If you know where everything is, and can find what you want, it's fine! I also go through these periods of wanting to clean up the shop; sometimes I take a week and do it, sometimes I decide that I like how it looks and don't!


----------



## seamus7227 (Mar 5, 2013)

I'm so glad I am not alone in this addiction.


----------



## 76winger (Mar 5, 2013)

Sylvanite said:


> Naahhh, your shop looks downright tidy compared to mine.  Heck, I can even see your benchtop peeking out in some places.  When you can't use your saw because the platen is completely covered, and you can't find any other work surface to move that stuff to - then it's time to clean.
> 
> I'm told that there are two schools of thought when it comes to shop organization:
> 
> ...



I'm a little closer to 1 but not solid by any means. I WANT to be a one, but don't have enough shelves and drawers for everything all the time. Mostly though, yes I have a place for every tool and always put it away when a project is done. Sometimes I have to put them away to make room on the work area to work, then get them back out again, then put them away, then... you get the idea


----------



## fitty (Mar 5, 2013)

Bob,

I would recommend that you label all your wood while your cleaning. To ensure you don't lose it, you can provide me a copy


----------



## monark88 (Mar 5, 2013)

you might push the box end wrench beneath the grinder a tad bit back, otherwise everything else looks in order.

I wonder, (yep I have a big fear of snakes), if any have visited your workshop?

Russ


----------



## Bob Wemm (Mar 5, 2013)

Yeh Mark:biggrin::biggrin::biggrin:

I could do that but I probably wont, sorry.

Bob



fitty said:


> Bob,
> 
> I would recommend that you label all your wood while your cleaning. To ensure you don't lose it, you can provide me a copy


----------



## Bob Wemm (Mar 5, 2013)

I did have one come in one day. We were in a hell of a hurry to go somewhere and as I walked to the shed door to close it, I saw a snake disappear behind an old door that was leaning up against the wall.
I didn't want to leave him in there and it would have taken ages to move everything away so I made an 'executive' decision and decided to use the shovel and wedge him in by the tail. That was all I could reach, and off we went.
I was dreading our return because I didn't want to be confronted with a very angry snake. But it was dead as a door nail so must have bitten itself.
Very happy chappy when I saw that,
Bob.



monark88 said:


> you might push the box end wrench beneath the grinder a tad bit back, otherwise everything else looks in order.
> 
> I wonder, (yep I have a big fear of snakes), if any have visited your workshop?
> 
> Russ


----------



## mikespenturningz (Mar 5, 2013)

:wink:I see treasure. I see wood. I see treasure. I see wood. I am definitely going to let my wife see this she will be so happy with my shop... I still see treasure....:wink:


----------



## Bob Wemm (Nov 14, 2013)

*It's happened at last.*

WELL!! It only took 8 months????????:redface:
And in between that time all sorts of things have happened, including a trip to South Australia.

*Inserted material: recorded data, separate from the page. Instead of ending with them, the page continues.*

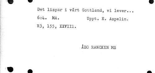 //// Det lispar i vårt Gottland, vi lever... //// 6:4. MA. Uppt. E. Aspelin. //// R3, 155, XXVIII. //// ÅBO RANCKEN MS ////
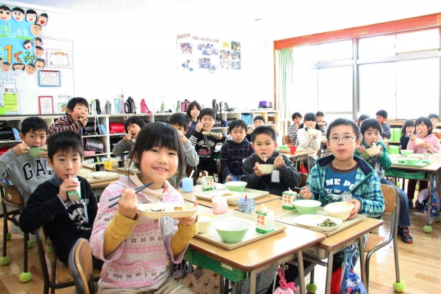 「給食調理コンクール」で最優秀賞に輝いた献立を楽しむ2年生たち。笑顔で箸を進めた=20日、枇杷島小  (2014/01/23)
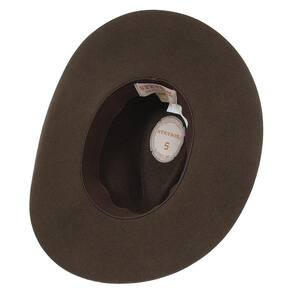 Chapéu Stetson fabricado em Feltro na cor Tabaco, possui aba de 9cm e copa social de 10cm, bandinha de material sintético com boton e carneira de elástico.

My shed got to the stage where I could hardly get in to work.

But I have been seriously cleaning up for the last couple of weeks, you don't want to rush these things you know. Besides if I went too fast I would loose track of where I put things.

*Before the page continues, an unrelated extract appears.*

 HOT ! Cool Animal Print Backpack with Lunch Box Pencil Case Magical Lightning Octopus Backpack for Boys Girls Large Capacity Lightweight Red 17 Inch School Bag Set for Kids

Strangely enough I found a couple of things that I had totally forgotten about, so that was good.:biggrin:

Worst part was that I had to do it all myself, the Shed Fairy would not help, and I think that there was an awful lot of stuff that was handled at least three times. I put up a corner shelf (longways) to hold my pen turning stuff, so that should keep all that in one place.:redface: Dunno for how long. 2nd last pic.

Also made a dust scoop for my lathe, pics 1 & 2.

As soon as the paint dries on the couple of blocks on my bench I will be "INTO" it again and no doubt, the mess will start all over again.

Cant wait. Thanks for looking.

Bob.


----------



## BW Design Works (Nov 14, 2013)

looks good Bob! now you can hop across the pond and come help with my shop :biggrin::biggrin:


----------



## PenPal (Nov 14, 2013)

Bob,

My wife is just over 5 feet in height I am 6 feet two so there is no way she could negotiate the whole of my shop you have to walk in the footholds.

You gave me comfort there is time to rearrange the deck chairs in my Titanic I need to downsize but? I note you carefully skirted the walls mate.

Great to hear from you.

Kind regards Peter.


----------



## Ambidex (Nov 14, 2013)

I'm thinking that open end-box end wrench under the grinder needs put away...otherwise looks good!:wink:


----------



## robutacion (Nov 14, 2013)

Hi Bob,

I don't remember to have seen your thread opening pics although we have discussed shop "cleaning' often.  I shouldn't have because I never posted anything so, I was looking at the first lot of pics and was watching places where the wood lathe chips did land and I thought to myself, "half of Bob's problem is not being able to retain much of what the wood lathe throws away in all directions, chips landing yards away.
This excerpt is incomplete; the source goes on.